But that bus trip nearly didn´t happen; after hiking in Sorrata, in the mountains north of La Paz, we were trapped in the city for an extra 30 hours because all of the major roads in the country were blockaded by protesters. Three or four days later, on another icy bus ride–for which I was again unprepared–we stopped by the side of the dirt road at four in the morning a few meters ahead of another blockade. Annika and I left the bus and walked to the road block, where we found mostly old women sitting around small fires in the brutal cold, their faces and dress and determination directly out of a traveler’s fantastical ideas about the ¨authentic¨ Bolivia. We wanted to sit with them, to ask them about their protest, to feel the fire and smell the smoke of their pipes. We stood there for a few minutes, shivering, and climbed back into the bus where it wasn’t much warmer.

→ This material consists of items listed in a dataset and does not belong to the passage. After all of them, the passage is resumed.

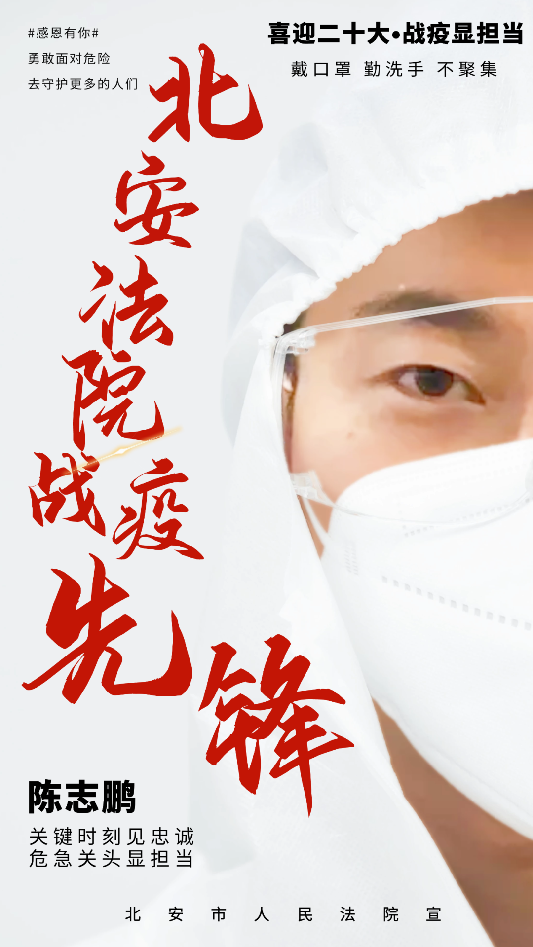 陈志鹏,男,汉族,1990年8月出生,研究生学历,毕业于哈尔滨理工大学软件工程专业,工程硕士学位,2017年9月进入北安市人民法院工作,现任北安市人民法院法官助理。2022年4月借调至北安市疫情指挥部转运隔离组工作。自参加疫情防控工作以来,该同志恪尽职守,全力以赴,始终以党员干部的要求来严格要求自己,用忘我的工作态度诠释着一名法院干警不忘初心、牢记使命的一身热情。
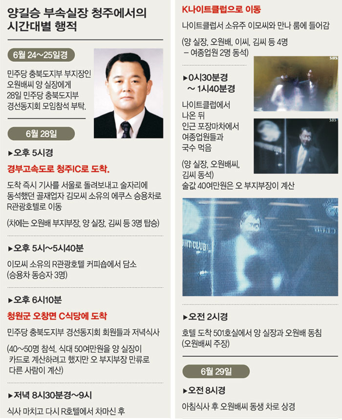 한 관계자는 “지난달 30일 양 실장의 술자리 장면이 찍힌 사진이 있다는 첩보를 입수하고 긴가민가했다”며 “사진 정도가 아니라 근접 촬영된 화면을 보고 경악을 금치 못했다”고 말했다.
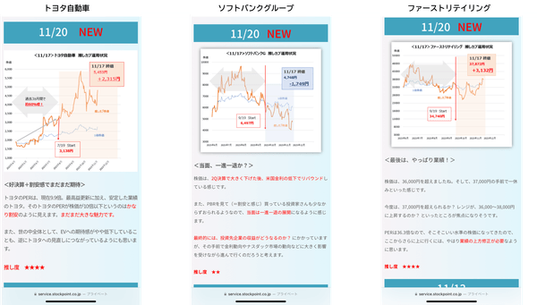 推しカブ10銘柄は、毎週、株価の値動きとともに注目情報を公開しており、決算情報や売上、業績など、企業動向が分かるものから世界の経済情勢まで、どういう情報が株価の値動きに起因するのか等、会員が常に状況をWatchできるようにしている。これは、推しカブユーザへの情報提供と共に、これから株式投資を始めようと思っているStockPoint会員に対しても、自身で情報収集をしていく際の目安にして欲しい。
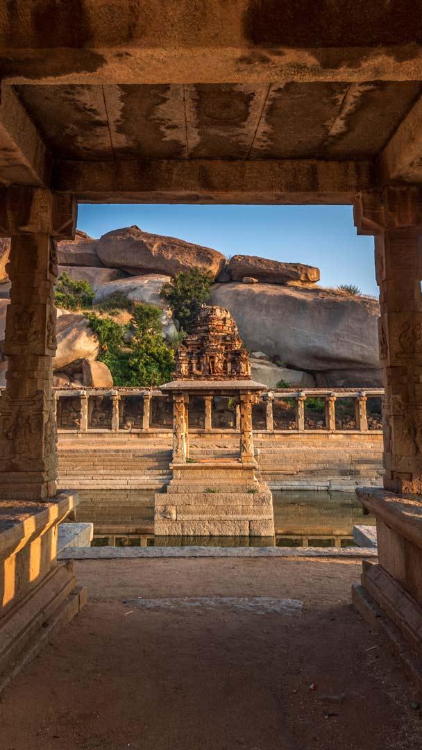 The ancient city of Hampi"s architectural brilliance is displayed in the Pushkarani water tanks. These beautifully designed tanks, with their perfectly laid stone steps, were crafted to make access to the water easy. These tanks have deep cultural significance and are highly revered. Historically, Pushkaranis were built for ritualistic temple practices or as royal amenities during the Vijayanagara Empire. In Hampi, almost every grand temple has one tank, serving both spiritual and functional purposes. The Pushkarani in front of the Sri Krishna Temple, seen in today"s image, is one of the most elegant and accessible tanks here.
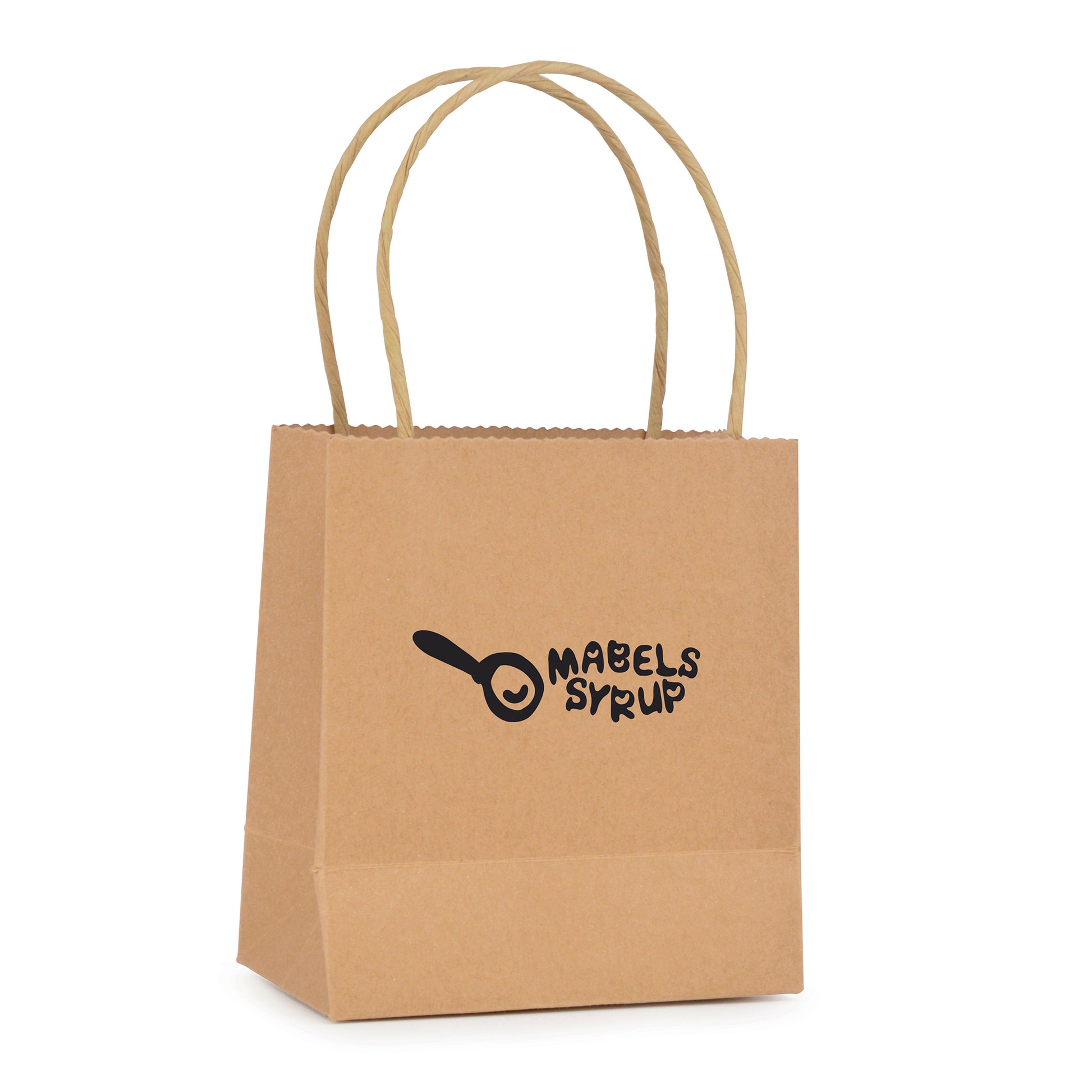 230gsm recyclable, compact, natural coloured small paper bag with paper twist handle
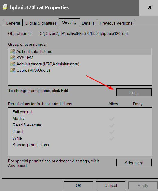 Toad-Hall said You could try right click on file and select 'Properties', select 'Security' tab Then try to alter permissions for your User Account to provide control. It wont let me - there is no Edit button The problem line also appears in Troubleshooter Mode in TB

By six the teenage conductor told all of us–four backpackers and a bus full of locals–to get out of the bus. We asked how we would get to town and he said, in Spanish of course, ¨with luck.¨ We walked two kilometers in the cold as the sun started to appear; then some men in a pick-up stopped and told us to climb in the back. They dropped us at a hostel where two hours later rocks broke our windows as we slept–the protesters marching in the street did not want to see any businesses open during the general strike. The only problem that posed for us was that at first no one would sell us food. Every business in town was boarded shut and padlocked, but eventually, after a few hours of something like mild desperation, we found a few tiny tiendas that would let us in when we knocked, so we managed to feed ourselves.

This journey has been one of translation, an occupation I´ve found to be lacking in linearity, one without the trappings and predictable achievements of other occupations.  My translations do not consistently or inevitably improve; my skills are not becoming finely honed.  At times I´m comfortable in the discomfiting task, speaking so often–nearly always, actually–in Spanish or in English with non-native speakers.  And then I´m suddenly back to stumbling through every pinched and contorted phrase.  Perhaps it´s because the plane on which translations occur is never an even one.  In fact, it´s never even the same plane from one translation to the next. 

All of which is to say that I can hardly speak English these days.  But at least I understand German.  Or so thought Annika, Cornelia and Samantha on our trek to Machu Picchu.  When they spoke to each other I read their body language and tone so well that I often knew what they were saying and about whom, so at first they were convinced I´d studied some German.  And now I need to study English.  I find myself producing constructions I never would have made in the past, like ¨I took the water on my face,¨ or, ¨My heart is broken for Lebanon,¨ or, ¨I go downstairs and shave.¨  I can´t complain, but I also can´t help but wonder what my students will think this fall when I attempt to masquerade as a teacher of English Composition. 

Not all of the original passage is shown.